Postcards from Around the World

Wherever I travel I like to find a public garden to visit. Prague proved a little more difficult especially in late October, but then I read about the Wallenstein Gardens designed in the Italian style with a sala terrena (a garden pavilion), a grotto, an aviary and an artificial lake with an island.

Sala Terrena, a loggia with three arches and richly decorated with frescoes.

The statues you see in the garden are replicas.¹ The original statues were taken as spoils of war by the Swedes during the Thirty Years’ War in the seventeenth century.

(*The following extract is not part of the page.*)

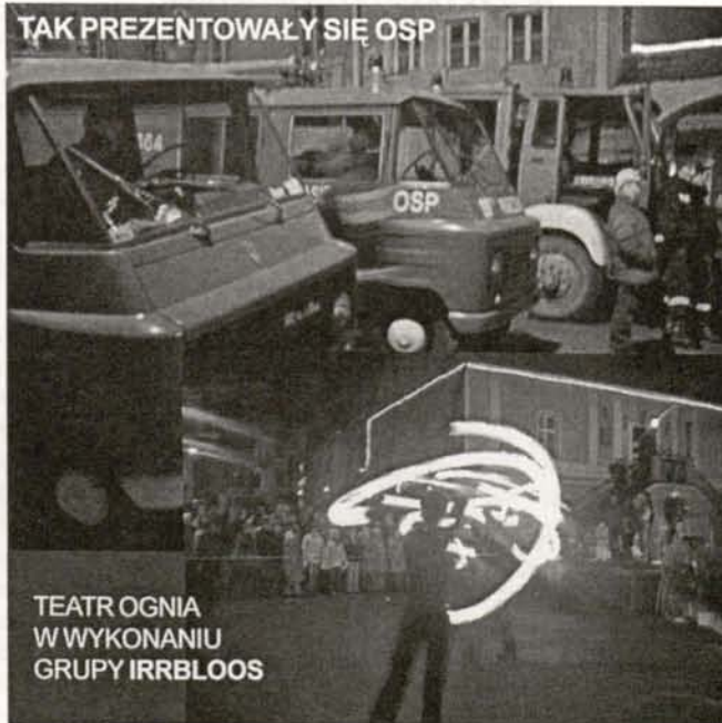
TAK PREZENTOWAŁY SIĘ OSP

They also took a statue of Venus by Benedikt Wurzelbauer which is the only one to have been returned. A copy of it and all the other sculptures have been replaced in the garden.

Venus

The garden lies in the middle of a beautiful Baroque complex, hidden behind a variety of buildings in Malá Strana. It is free to enter and is a peaceful place to get away from the madding crowds and sit for a while. Peacocks roam the grounds among the many sculptures.

At one end is the Wallenstein Palace which houses the Czech Senate. The palace has a remarkable loggia with painted ceiling (header photo) and at the other end is the Wallenstein Riding School though you won’t find any horses here now.

The Riding School

Today, it houses the meeting room and the National Gallery. It hosts various exhibitions of both Czech and international artists throughout the year. Next to the Wallenstein Riding School is a fish pond with koi, pike, and other ornamental fish, a fountain and statue in the middle. Feel free to feed the ducks.

The large fish pond and islet with the statue of Hercules fighting Hydra in the centre

A bizarre part of the garden (and one which I had noticed from the castle) is an enormous stalactite grey wall with hidden creatures among what looks like dripping mud.

During the summer season, the public can watch live concerts and performances here.

¹In the years 1625 and 1626, a collection of bronze statues and sculptural groups by significant Dutch sculptor Adrian de Vries, depicting antique gods and horses, one of the highlights of Mannerist sculpture was placed there. The Palace has been looted twice: at the end of the Thirty Years’ War in 1648 by mercenaries of the Swedish general Königsmark and during the War of the Austrian Succession in 1742 when the French established a depot there. The Swedes took all the  sculptures to Sweden in 1648 where they are located at Drootningholm Palace.